START Task data
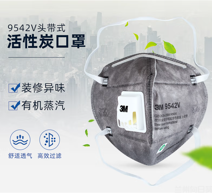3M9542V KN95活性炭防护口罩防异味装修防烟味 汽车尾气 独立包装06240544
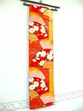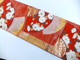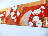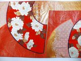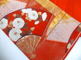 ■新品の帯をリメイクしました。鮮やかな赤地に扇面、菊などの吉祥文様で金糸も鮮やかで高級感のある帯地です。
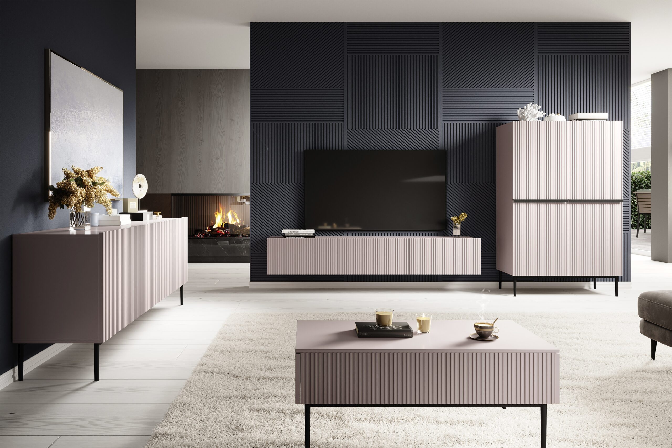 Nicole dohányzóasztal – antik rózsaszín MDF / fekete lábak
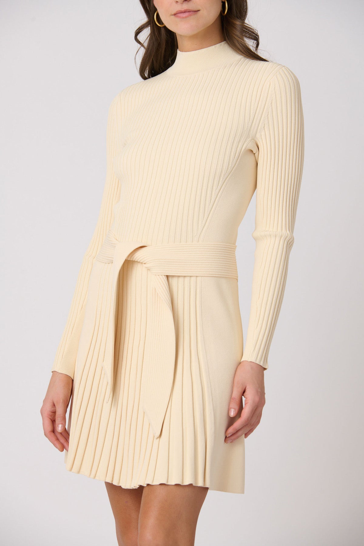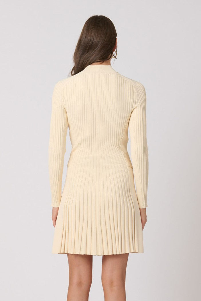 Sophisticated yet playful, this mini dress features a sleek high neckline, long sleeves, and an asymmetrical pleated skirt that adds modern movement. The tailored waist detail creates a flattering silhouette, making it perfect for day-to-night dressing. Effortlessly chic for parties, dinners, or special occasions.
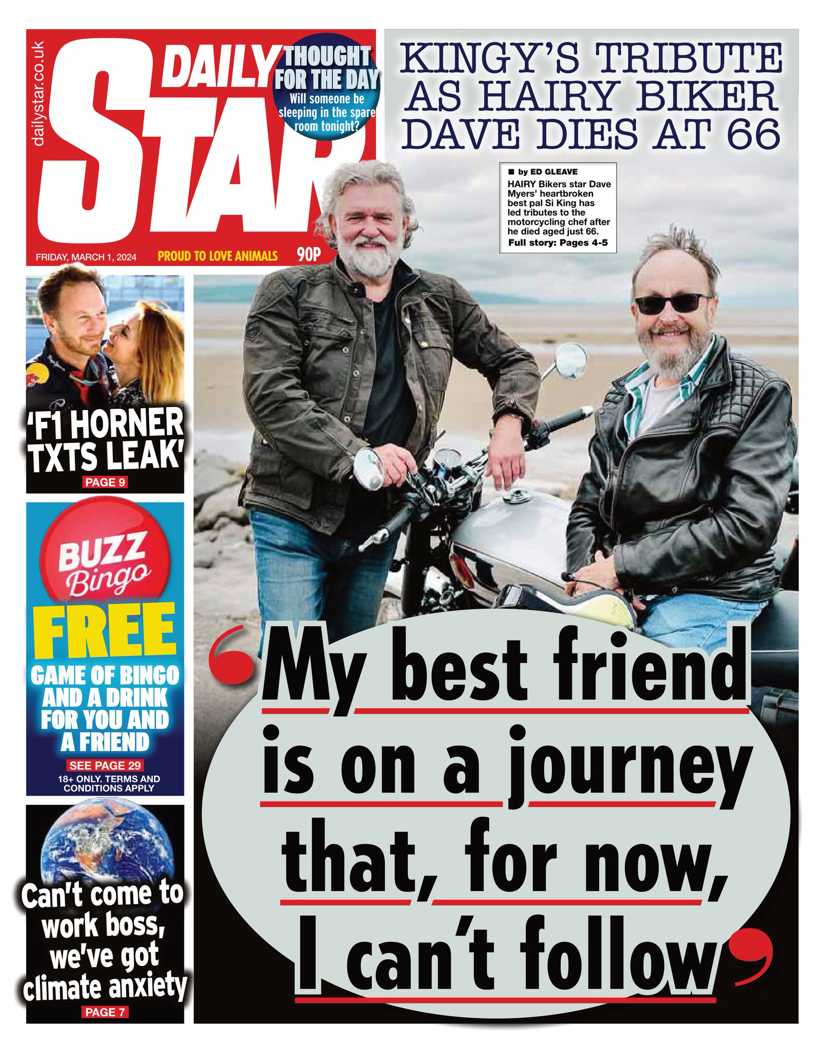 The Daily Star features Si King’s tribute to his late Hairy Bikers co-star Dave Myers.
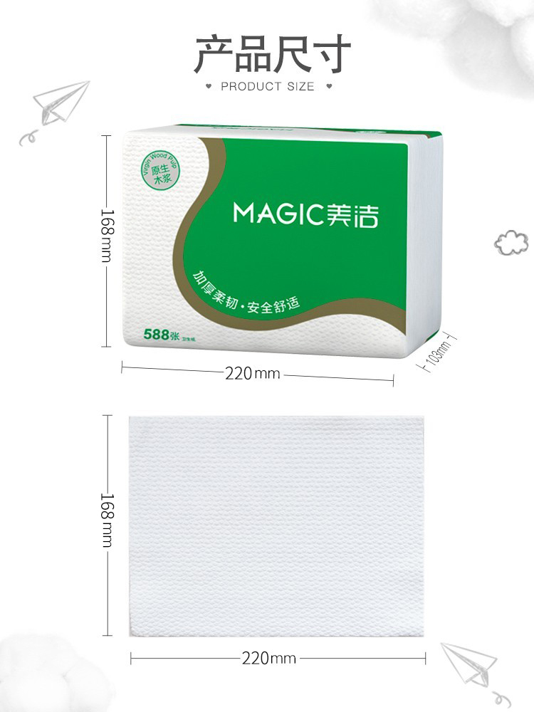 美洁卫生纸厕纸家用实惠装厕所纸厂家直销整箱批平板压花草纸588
END Task data
## Required action
Your answer must be the records exactly as they stand, with no pictures in it.

## Solution to this exercise
3M9542V KN95活性炭防护口罩防异味装修防烟味 汽车尾气 独立包装06240544
 ■新品の帯をリメイクしました。鮮やかな赤地に扇面、菊などの吉祥文様で金糸も鮮やかで高級感のある帯地です。
 Nicole dohányzóasztal – antik rózsaszín MDF / fekete lábak
 Sophisticated yet playful, this mini dress features a sleek high neckline, long sleeves, and an asymmetrical pleated skirt that adds modern movement. The tailored waist detail creates a flattering silhouette, making it perfect for day-to-night dressing. Effortlessly chic for parties, dinners, or special occasions.
 The Daily Star features Si King’s tribute to his late Hairy Bikers co-star Dave Myers.
 美洁卫生纸厕纸家用实惠装厕所纸厂家直销整箱批平板压花草纸588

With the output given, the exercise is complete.